Tree searching is essentially a method of getting from point A to point B. There are two ways to conduct a tree search: one way generates many different results at once while another locates information related to one node first. This seems confusing, but please bear with the text till the end and things may become clearer to you.

Depth-first Searching: this search method basically takes your search through a tree as far in as possible. If there aren't any "priorities", the depth first search will mindlessly delve deeper and deeper until it hits a dead end. In the picture that follows, there is a comparison of the depth-first and breadth-first search method. Take note of how even though Node A branches into several other nodes, the search only returns to it after it has reached a deadend.

Breadth-first Search: contrary to a depth-first search which ignores all other branches from a node and returns them later, a breadth-first search explores all branches from one node before moving on to another, in order of priority if such exists. Again, note the image comparing the two search methods.

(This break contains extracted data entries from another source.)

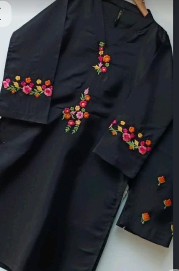 Floral shades of pink, orange, yellow, and green leaves, creating a lively contrast against the black background Sleeves Decorated with Horizontal floral bunches near the cuffs Small single flowers and buds scattered closer to the elbows.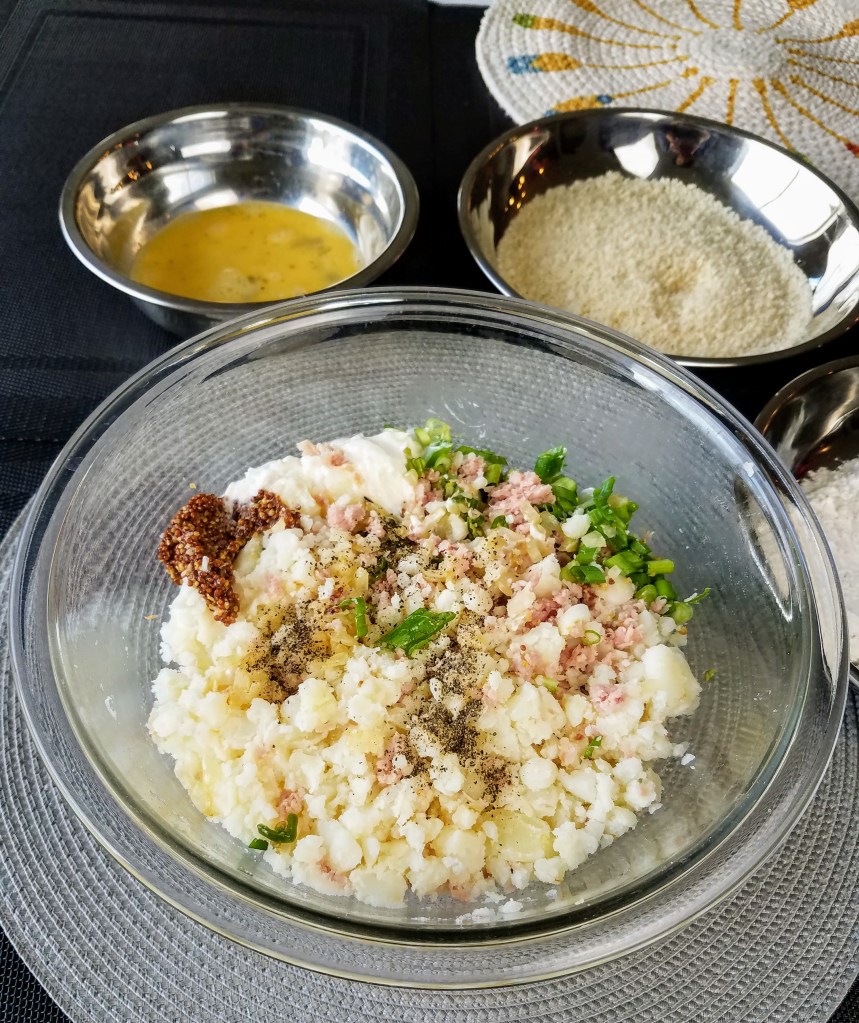 Christmas is a special holiday that l look forward to each year. Often after a big holiday meal I have leftovers such as cooked ham and mashed potatoes. I found myself in this circumstance this year and so wanted something creative to make with them. Yes I could have served the leftovers as is — my family would have been happy that way — but I really wanted to try out the recipe that I present to you today.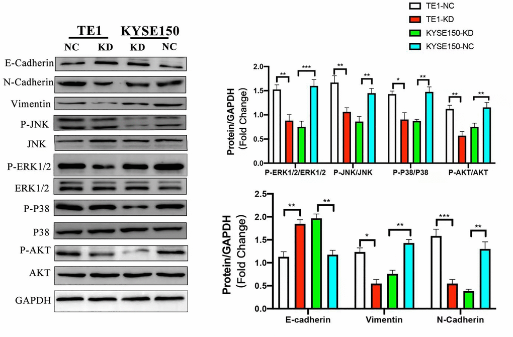 We used WB to test the expression levels of phosphorylated AKT and P38, ERK1/2 and JNK after knockdown of exogenous KIF4A in ESCC cells, with the purpose of studying the effect of KIF4A on PI3K/AKT and MAPK pathways, and the results showed that all the markers above decreased in KIF4A knockdown cells. EMT plays a crucial role in migration and invasion of tumor cells derived from epithelial cells. We detected EMT hallmark using WB, and we discovered increased expression of E-cadherin (E-cad) and decreased expression of vimentin and N-cadherin (N-cad) after exogenous KIF4A knockdown in ESCC cells. The results were all shown in Figure 7. Overall, our findings showed that KIF4A promoted tumorigenesis and metastasis through the promotion of the PI3K/AKT and MAPK pathway and EMT in ESCC, respectively.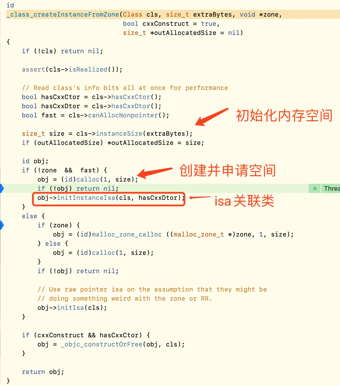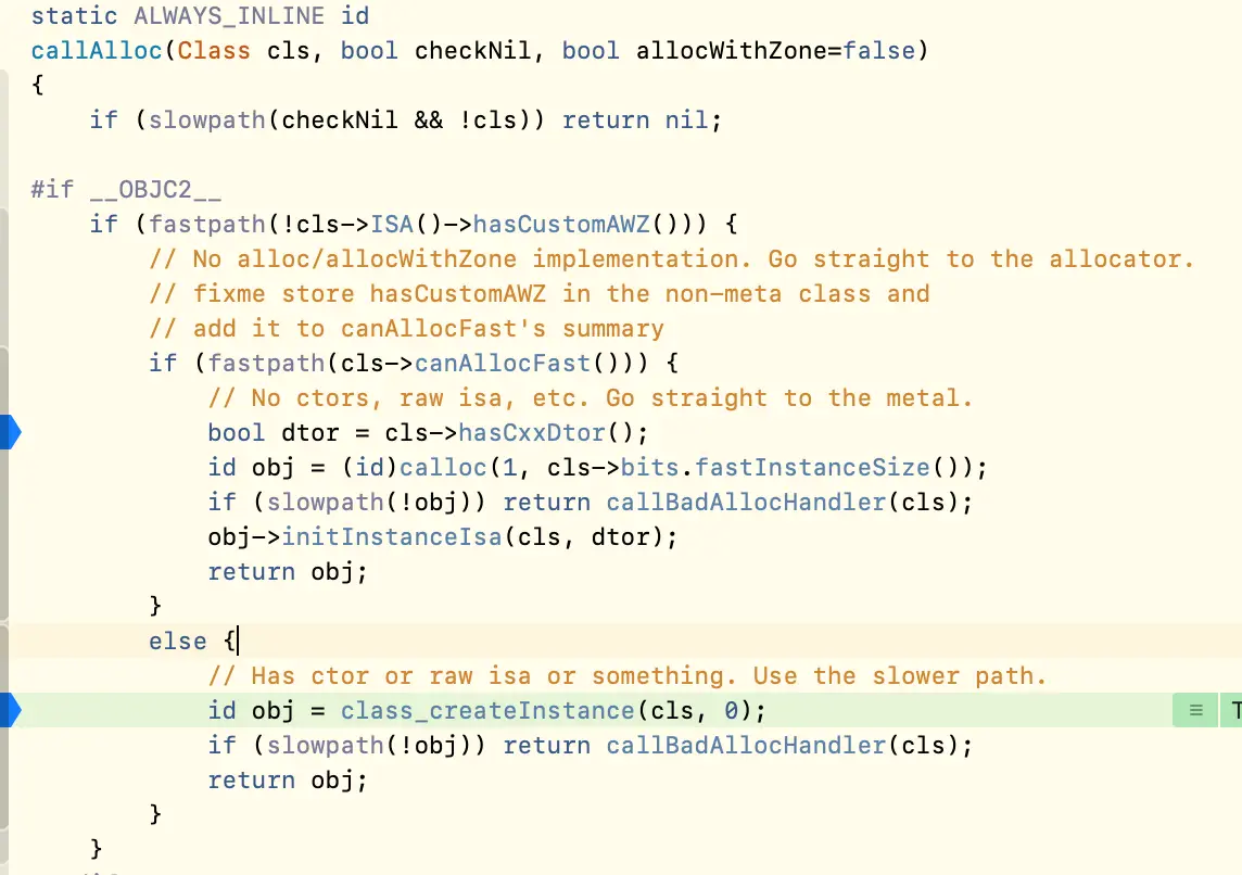 这个部份我们就根据 alloc 新建并初始化的对象流程来分析,当alloc -> _objc_rootAlloc -> callAlloc 到 callAlloc 时,这时是才是真正的开始

(Click to see image in full-size)


A possible application for this would be an automated maze generator/solver. Both work in essentially the same way. The program would simply randomly generate paths in a random direction and if i collides with terrain (computer limits), it will return to its previous starting point and generate in a different direction. For the maze solver, the program would explore the path uniformly until it hits a deadend and returns to the last split-point and explore the other way. In terms of mazes, the optimal search method for a solution would be the breadth-first search. Logically this makes sense because if the program chooses the wrong path, it will return to that node quicker and wind up on the right path than if it had been utilizing a depth-first search, in which case it would end up far deeper in the wrong direcion before it turns around.

This is a relatively interesting way of applying optimization that involves no calculus. In terms of mazes, we usually conduct our own breadth-first seach in our heads, mentally scanning the maze for possible dead ends and avoiding them. So get out those pencils and thinking caps!

Here's a link to an online program that demonstrates the depth-first search being utilized to "solve" a maze:

http://nullprogram.com/RunMaze/

Happy optimizing!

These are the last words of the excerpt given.